I reached Belgrade early in April, 1914. The city had resumed its normal aspect. The General Staff were talking and planning war, the general public was more interested in the working of the Commercial Convention with Greece. In political and diplomatic circles vague references were made to certain concessions to Bulgaria in the Vardar Valley. These latter appeared to me to be so inadequate as to be hardly worth discussing, and yet, as matters stood, the Serbs refused to offer more. This attitude, however unfortunate, was more reasonable in 1914 than at any previous period. In the absence of direct railway communication between Greece and Servia, the Commercial Convention would lose half its point, since the only railway line available passed by the Vardar Valley through the heart of the “Contested Zone.” No practicable trace for another line existed, except a tortuous route impinging on Albania.

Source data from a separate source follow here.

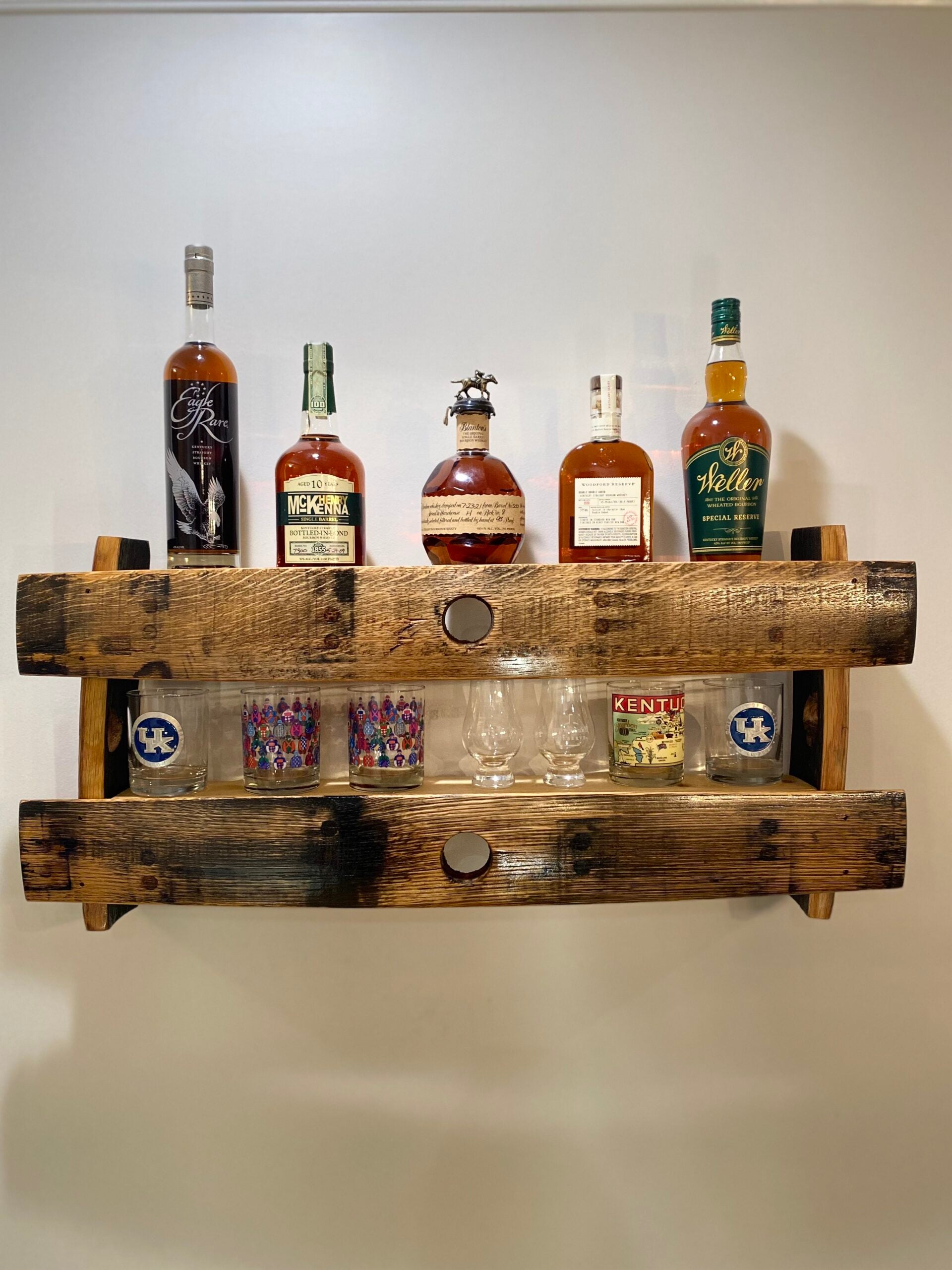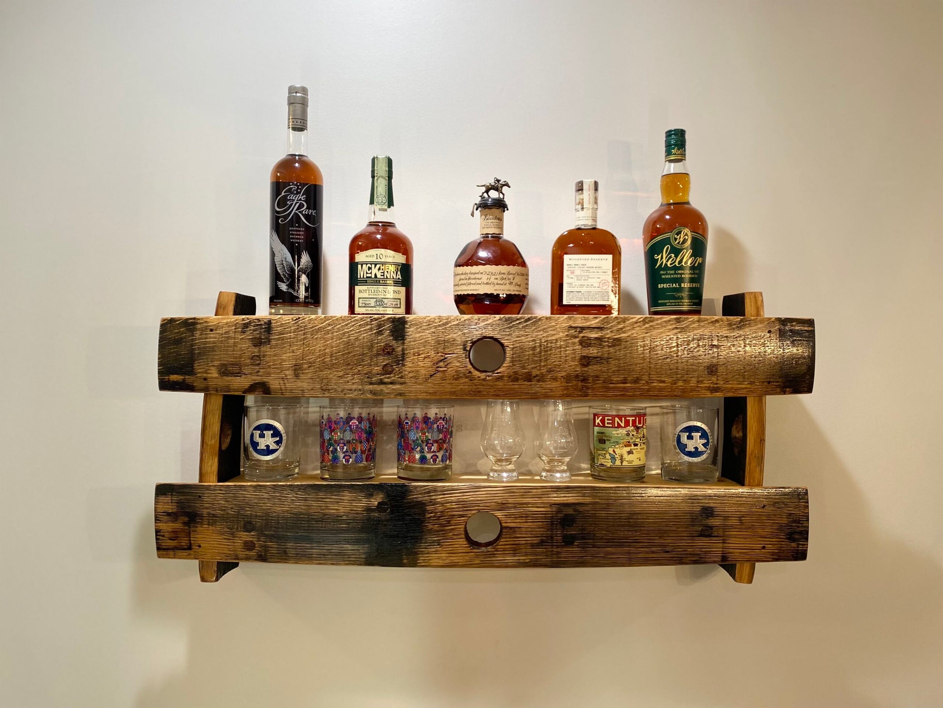 Showcase your bourbon collection and appreciate it at eye level with our stave hanging shelf. Built with sturdiness in mind, our hanging hardware can more than handle the heaviest collection in style.
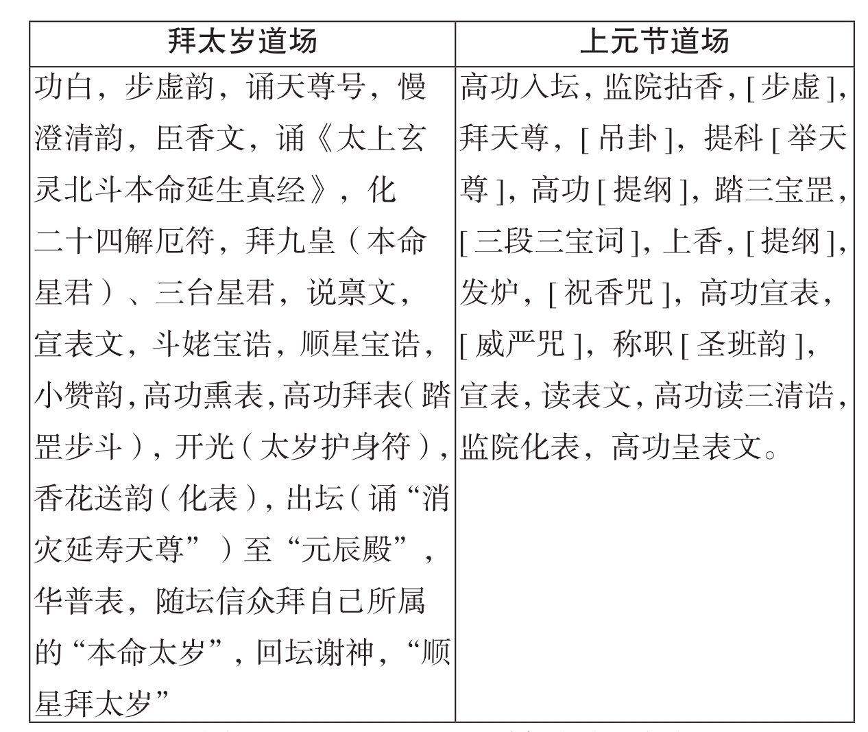 (表3 拜太岁、上元节科仪内容比较)
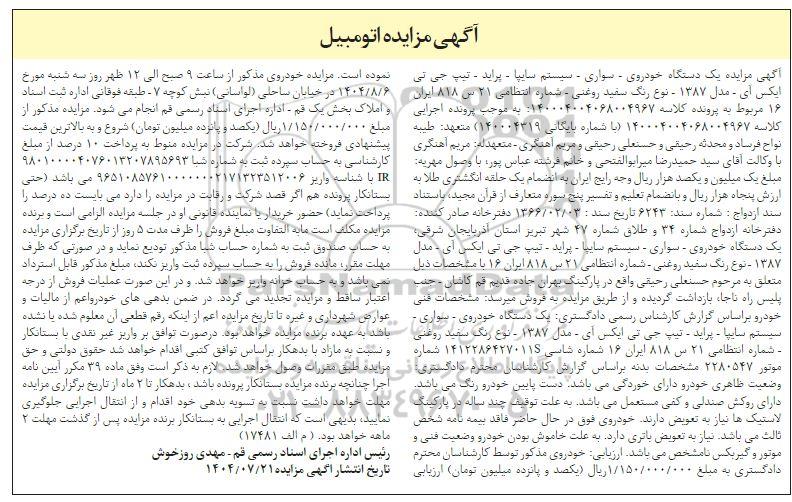 آگهی مزایده اتومبیل ؟
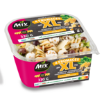 Salade composée de pâtes alimentaires cuisinées, de salades en mélange, de scamorza fumée, de mozzarella, de Gorgonzola et de fromage à pâte pressée cuite, accompagnée d’une sauce vinaigrette au vinaigre balsamique.
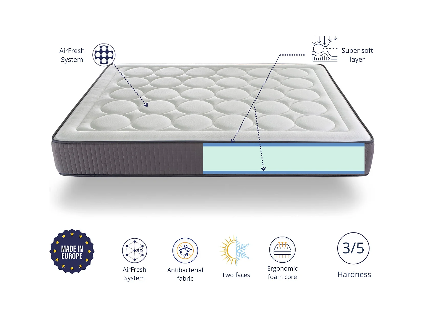 Materasso Una Piazza e Mezza 120X200 CAELUM, Alto 24 CM, Schiuma ad alta densità. Media compattezza
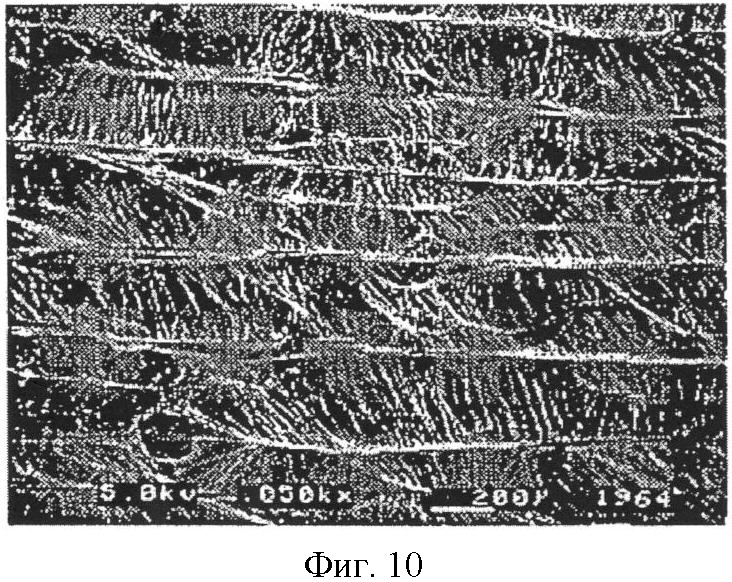 Является наиболее предпочтительным, если мембранный фильтрующий слой будет включать ПТФЭ. Подходящие мембраны из ПТФЭ описаны в патенте US 5814405. Мембраны, описанные в данной публикации, обладают хорошей фильтрационной эффективностью, высоким уровнем пропускаемости воздушного потока, а также имеют хороший показатель прочности на разрыв. Фиг.10 показывает изображение, полученное сканирующим электронным микроскопом, взятое из упомянутого патента и использованное в данной публикации, чтобы показать пример микроструктуры, описываемой в данном случае мембраны из ПТФЭ. Как может быть видно, микроструктура мембраны состоит из серии утолщений, соединенных друг с другом при помощи фибрилл (тонких волоконец), где утолщения главным образом располагаются параллельно друг другу, являются сильно вытянутыми, а отношение их длины к диаметру составляет 25:1 или более. Считается, что такие длинные утолщения микроструктуры помогают предотвращать любые расщепления мембраны во время процесса складывания фильтра, что предотвращает опасность образования точечных отверстий в мембране.
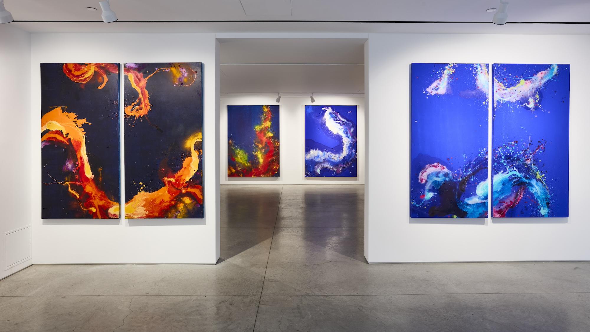 New York, NY… ACA Galleries is delighted to present Augustus Francis: Materia Prima, his debut solo exhibition in New York City. Featuring two new bodies of work that embrace the contradictions and dualities inherent to his practice. The Oltremarino series of paintings rooted in blues, created primarily in the English countryside, are characterized by jewel-like tones, flowing compositions with earthy striations and airy expanses of color. Alternately the New York series incorporate vibrant reds and fluorescent pigments that recurs in flows, drips, and wax accretions evoke the metropolitan energy and neon billboards of his new urban environment.
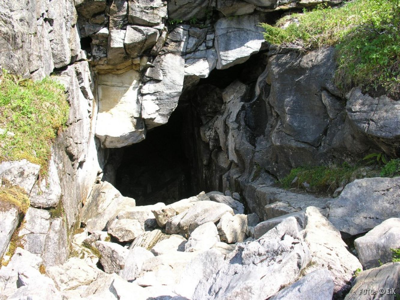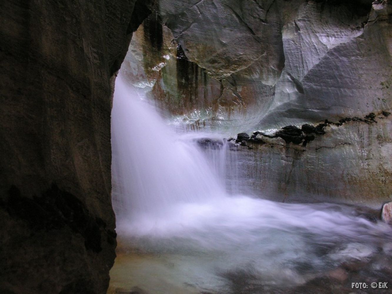 Etter ca 3 km kommer du til inngangen til den første grotta. Denne åpningen fører inn til en ca. 40 meter lang s-formet grottegang som ender i et flott fossefall i en større marmorgrotte. Du trenger lykt og aller helst hjelm for å gå inn denne grottegangen.
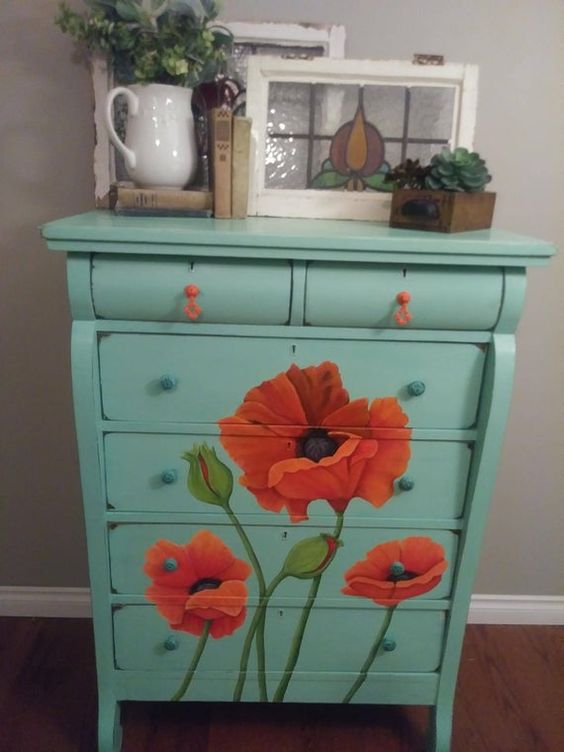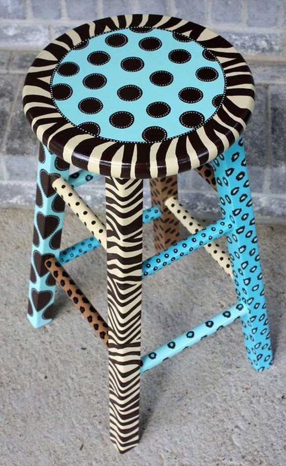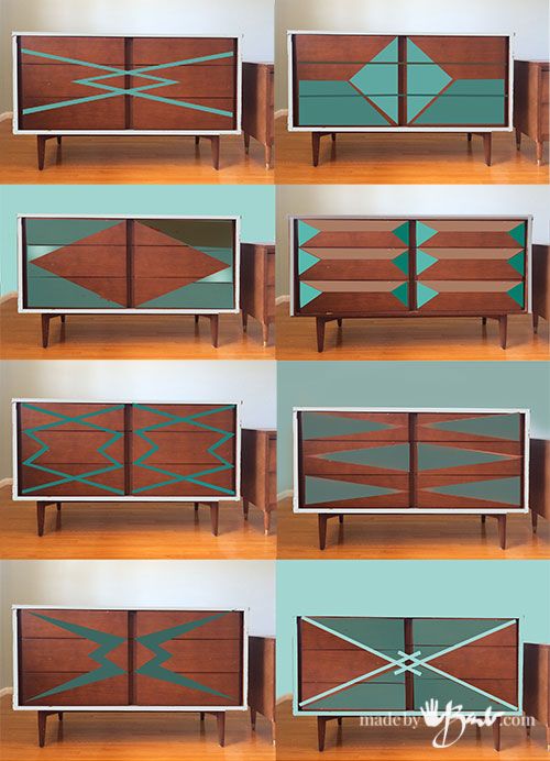 Якщо ви навіть на грам не художник, зробити на меблях красиві візерунки вам точно вдасться. Це може бути абстрактний або геометричний малюнок, яких можна зробити за допомогою малярного паперового скотчу. Наклеюєте скотч, проміжки зафарбовуєте, а після висихання скотч знімаєте – і маєте красиві рівні смужки, фігури чи абстрактний малюнок.

Ethnical and geographical conditions had conspired to make Macedonia a “Debatable Land,” the creation of an independent Albania had added fuel to the flames of discord, it had not only shortened the Serbo-Greek frontier and prevented all communication by sea, but, by thwarting Servian and Greek aspirations in that direction, had engendered in both countries an uncompromising state of mind. Bulgaria’s claims remained unaltered, they had become crystallized by defeat and disappointment; amid the shifting sands of Balkan politics they stood out like a rock.

The Great Powers had sacrificed the interests of Greece and Servia directly, and those of Bulgaria indirectly, on the altar of an Autonomous Albania. Ingenuous people claimed that this course had been dictated by high-minded motives, by a benevolent, if tardy, recognition of the principles of self-government, whose application in other lands could wait on this strange experiment. Naïveté is charming when not contaminated with hypocrisy, but one swallow does not make a summer; a single act, however specious, cannot efface a decade of intrigue.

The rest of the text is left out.